Your particular relationships with your parents, not God or genes, determines your academic performance. In my case, it was my father who made the difference.
I had three sisters and he never showed much interest in their success, ignoring the school reports of one of them. They all made it to university and did respectably, but this was largely because of my mother's encouragement. Yet however badly I did, and it was usually very bad, he always told me I was clever and that I could do well.
When I was eight and languishing at the bottom of my class, he tried to coach me in Latin and maths. His main goal was to show me that if I could be bothered to concentrate on the tedious tasks, I could do them. He chose my housemaster at public school with great care, finding a man who also made a huge effort to civilise the barbaric raw material with which he started when I was 13. Together, they coaxed me into taking exams seriously. But the most important factor was that I knew my dad loved me, which he expressed in many affectionate letters. When we were together, he would embrace me, encourage me to think for myself and to enjoy what I enjoyed. He once watched me eating a disgusting amount of chocolate and said, 'Eat as much as you like - you won't always enjoy it that much.'
Ultimately, it distressed me to distress him, so I buckled down. I identified with his own scholarly ways and started to enjoy the acquisition of knowledge and the expression of ideas. True, exams gave little opportunity for that, but I could sort of see the point.
A lot of parents do not realise how important the emotional aspect of the relationship is in determining their child's performance. I recently heard a parent discussing what school their child might get into. 'I don't know how bright he is,' she said, as if this was an independent destiny, like the colour of the boy's eyes.

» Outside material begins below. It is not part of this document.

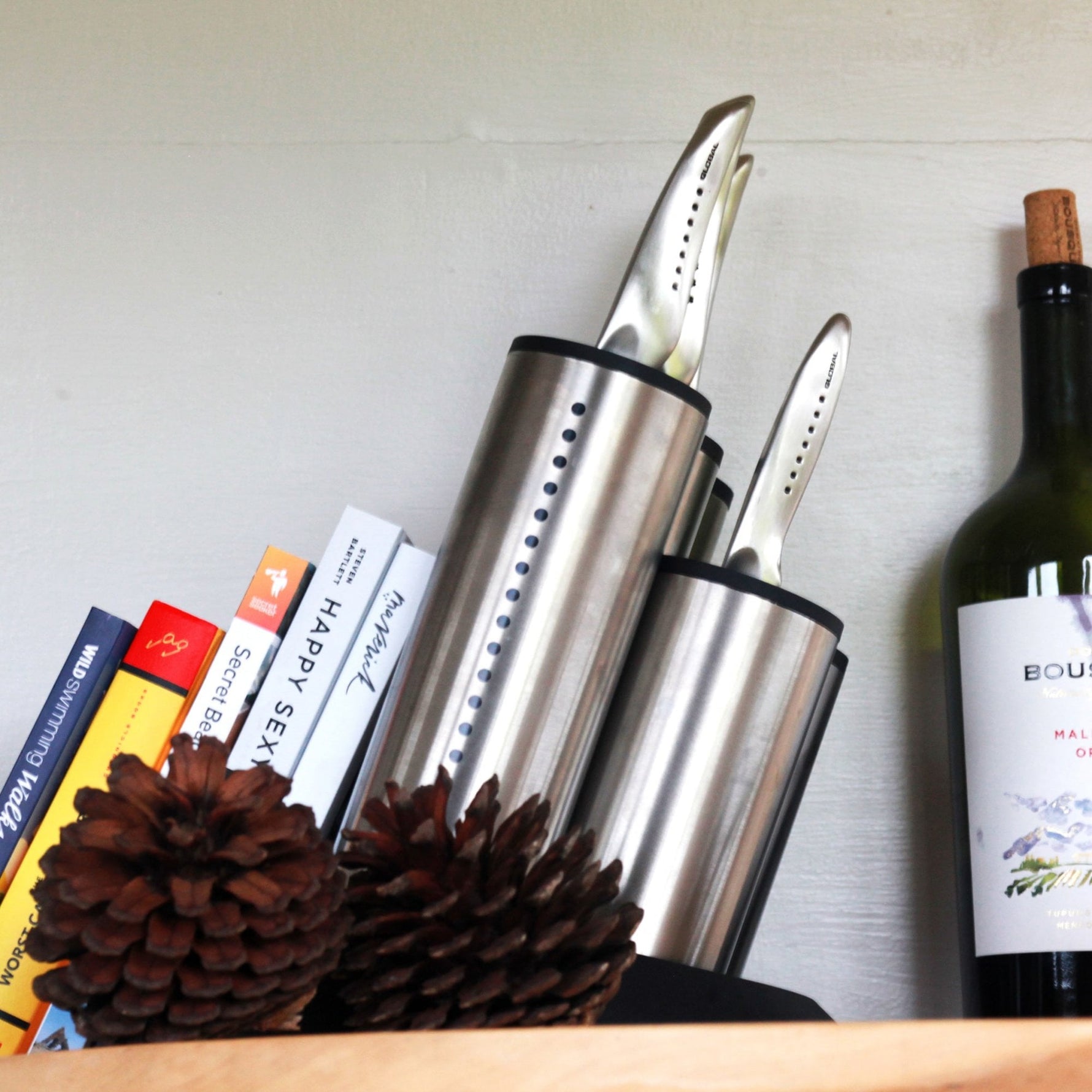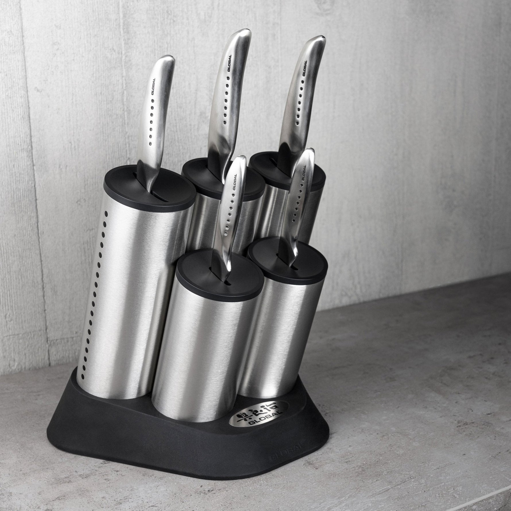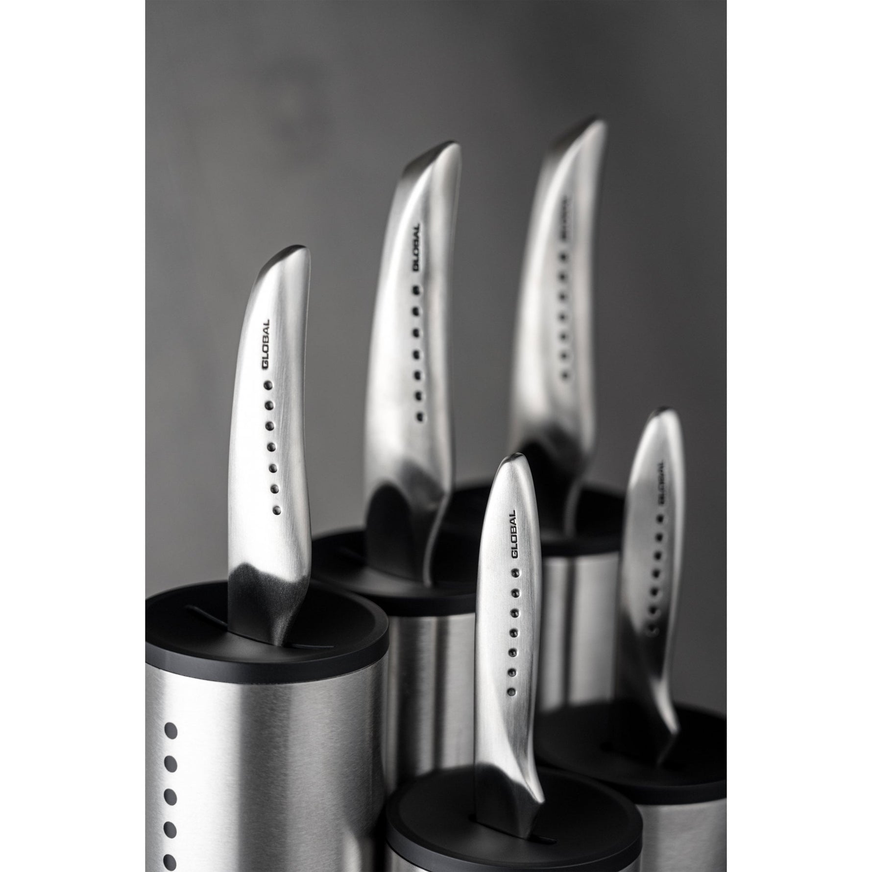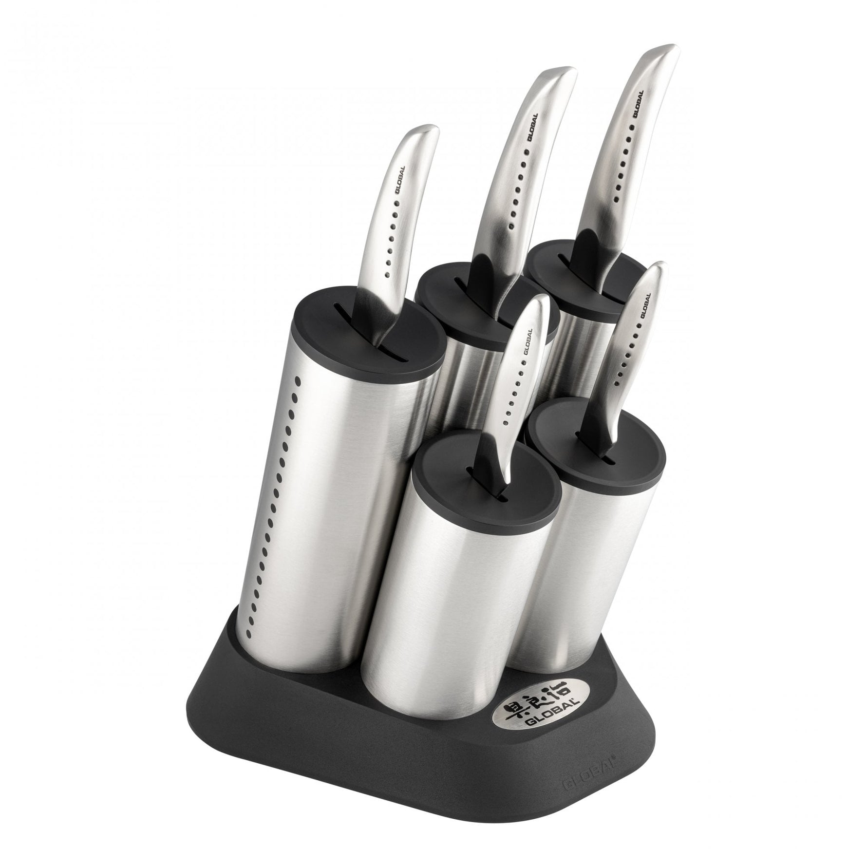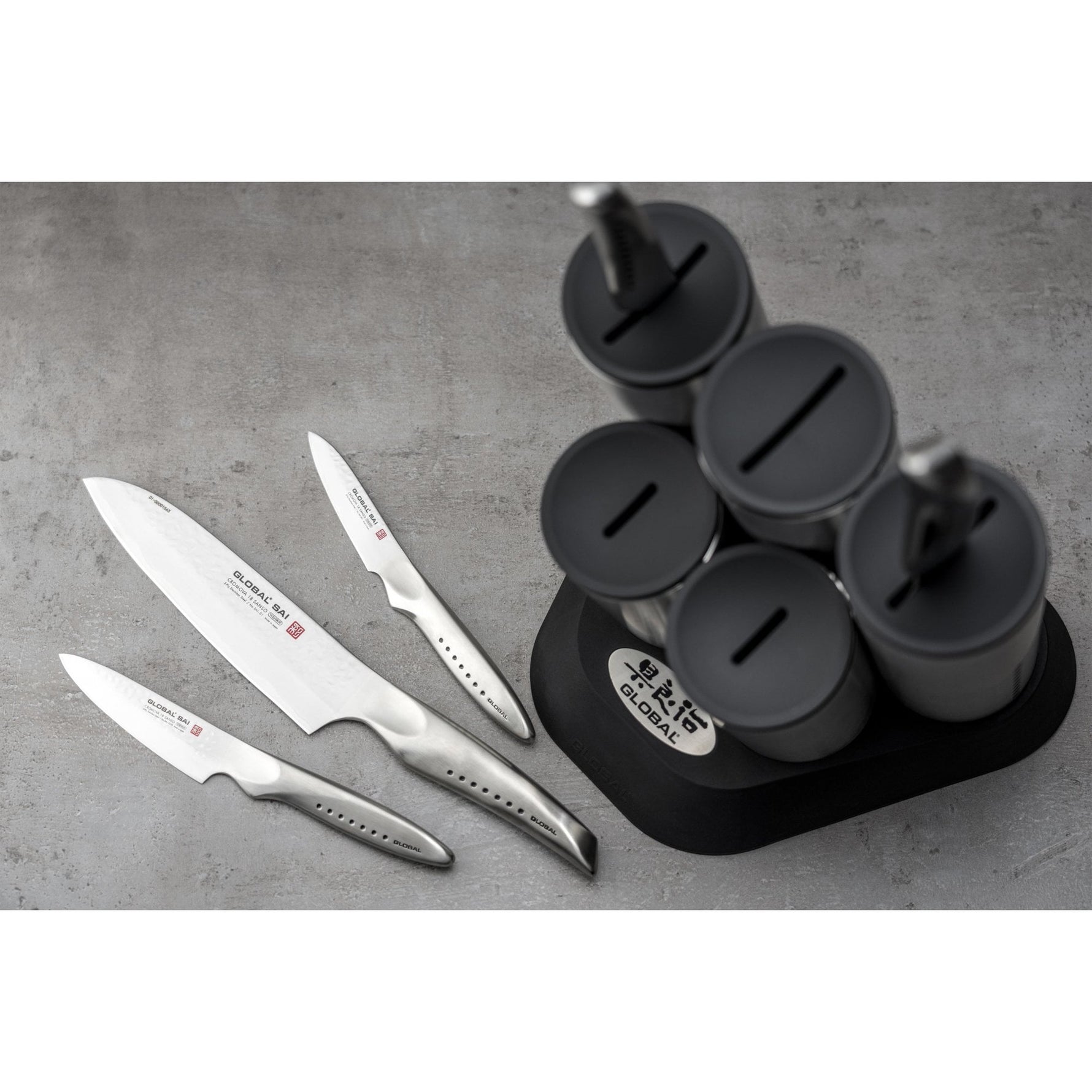 The ‘Team SAI’ knife block features 5 stainless steel cylinders made from the finest 18/10 material. This premium set includes an SAI-01 Chef’s knife, SAI-05 Bread knife, SAI-M06 Vegetable knife, SAI-S02 Utility knife and SAI-S01 Paring knife.

Many parents are obsessed by their children's marks at school. Their relationship with the child is almost wholly built around this. It was not at all like that with my dad. Until I was eight, he did not seem to worry about marks and, after that, it was never exam performance that he was concerned with. Rather, he concentrated on my self-perception, constantly exemplifying to me that I was not thick by pointing to things I had said which were signs of intelligence. It meant I had a reasonable self-regard, and when I kept failing exams there was a gap between this and the fact of failure.
Just as money can be used as a substitute for love and emotional engagement for children of divorcees or of rich parents, so it can be with school performance. Especially in the present exam-crazed system, parents can easily forget that the point of education is to create fulfilled, creative adults, not exam-fodder. If they make love conditional on performance, it is a recipe for depression.